KLEINE ZEITUNG-Logo KLEINE ZEITUNG 17.09.2018 Kleine Zeitung

Der tschechische Premier Andrej Babis geriet unter starken Beschuss wegen seinen jüngsten Aussagen zur Flüchtlingspolitik: Er hatte auch die Aufnahme von Waisenkindern aus Syrien strikt abgelehnt. Sowohl die Opposition als auch die mitregierenden Sozialdemokraten kritisieren den Regierungschef scharf. Nur vom Staatspräsidenten Milos Zeman bekam Babis Unterstützung.

Der Klubobmann der liberalkonservativen TOP 09 im Abgeordnetenhaus, Miroslav Kalousek, warf Babis "Unmenschlichkeit" vor. "Wir bewegen uns in Richtung freiwillige Isolierung und Verachtung. Wir werden für diese dumme Politik bezahlen. Leider ganz zurecht", erklärte Kalousek.

Laut dem Klubobmann der Volkspartei (KDU-CSL) im Abgeordnetenhaus, Jan Bartosek, "tritt Egoismus und Rücksichtslosigkeit anstelle von Mitgefühl und Hilfe". Der Chef der Piratenpartei Ivan Bartos bezeichnete die Aussagen von Babis als "traurig" und warf dem Regierungschef vor, immer mehr auf die Wähler der "extremistischen Partei Freiheit und direkte Demokratie (SPD)" von Tomio Okamura zu zielen.

Der Vizepremier, Außenminister und Innenminister Jan Hamacek reagierte mit der Aussage, Tschechien sei weiterhin gegen Flüchtlingsquoten.
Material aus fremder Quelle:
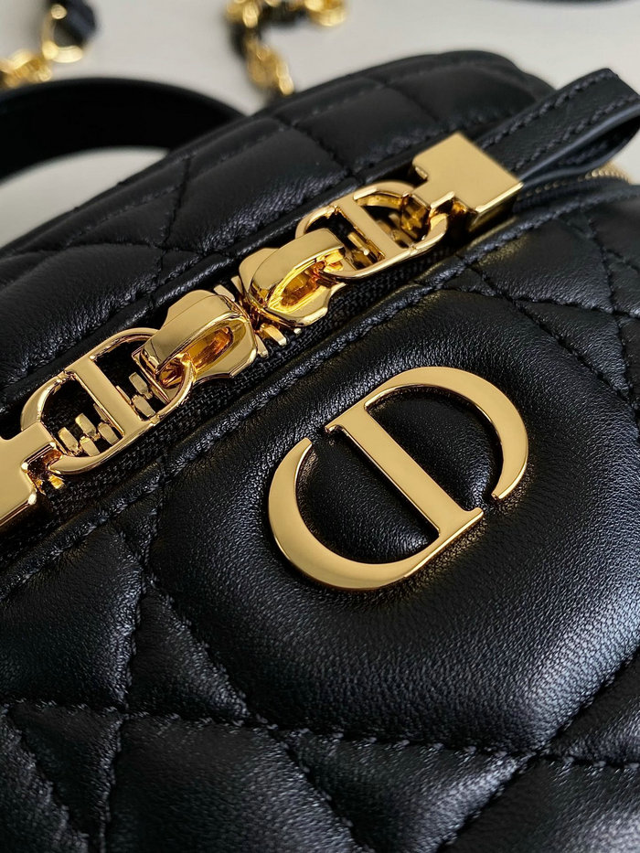 CD signature on the front Two-way zip closure with CD zip pulls Top handle One compartment with mirror Interior slip pocket Adjustable and removable chain in gold-finish metal and tonal enamel CD links with leather insert Size: W16.5 x H9.5 x D8 cm (1" = 2.54cm) It come with serial numbers, card, dust bag and care booklet.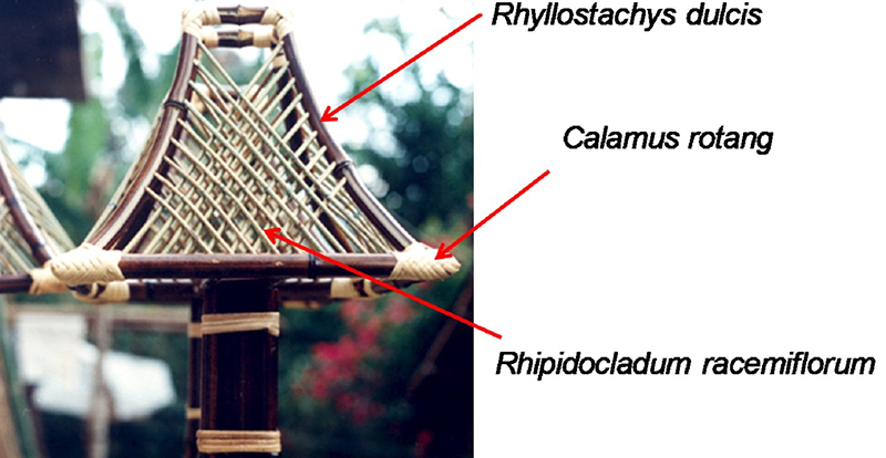 En la localidad de Monte Blanco, perteneciente al municipio de Teocelo, Ver., los artesanos utilizan este bambú para tejer los respaldos de las sillas y sillones, como adorno de las alacenas y artesanías, obteniendo diseños con figuras muy originales. También se elaboran pantallas de lámparas (Figura 4), o cortinas con diferentes diseños artísticos. Otro uso de esta planta es para decorar interiores y exteriores de casas (Figura 5).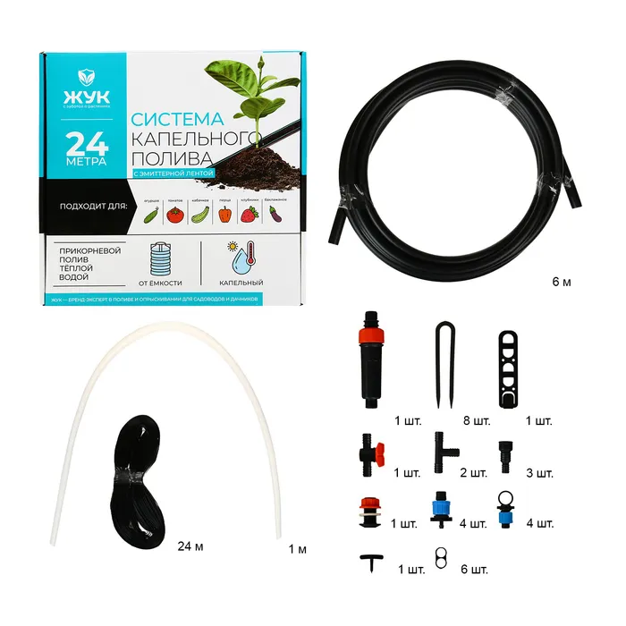 Набор для капельного полива от ёмкости, с эмиттерной лентой 24 м, «Жук» — Характеристики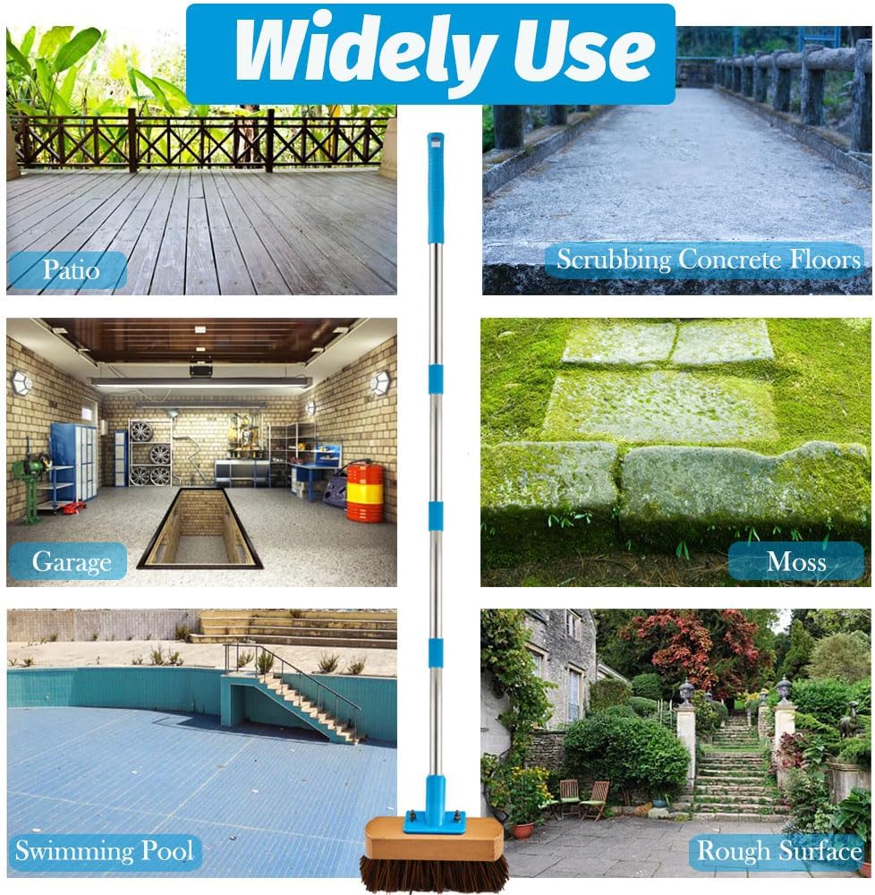 • HEAVY DUTY DECK BRUSH: The outdoor deck brushes for scrubbing heavy duty is consist of high-quality wooden base, dense natural palmyra bristles, paired with 4 stainless steel poles. Easy to install and disassemble, doesn't take up space. Best moss and dirt remover tool from rough surface. Ideal heavy duty deck brushes for scrubbing outside

Als 10-Millionen-Land würde man es aber bestimmt schaffen, 50 Kindern ein neues Zuhause zu bieten, die im syrischen Krieg ihre Eltern verloren hatten.

Bild: APA (AFP) © Bild: APA (AFP) Bild: APA (AFP)

Der Sprecher des Staatspräsidenten Milos Zeman, Jiri Ovcacek, nannte die Kritiker von Babis "Hyänen", die "nichts ahnende, unschuldige 50 syrische Waisenkinder zum Rammbock gemacht haben". "Helfen wir auch 5.000 Kindern, aber bei ihnen, in Syrien", so Ovcacek.

Auch Babis wies die Kritik als "Hysterie" zurück. "All jene, die so hysterisch auf mich reagiert haben, haben offenbar an zwei- oder dreijährige Kinder gedacht. Nicht an Kinder, die 17 Jahre alt sind", so Babis.

Der Regierungschef hatte in einem Interview mit der tschechischen Tageszeitung "Pravo" (Samstag-Ausgabe) die Initiative der christdemokratischen EP-Abgeordneten Michaela Sojdrova abgelehnt, syrische Waisenkinder aufzunehmen. "Warum sollten wir sie aufnehmen? Wir haben auch bei uns Waisenkinder, die wir auf ihr Leben vorbereiten müssen", hatte Babis gesagt.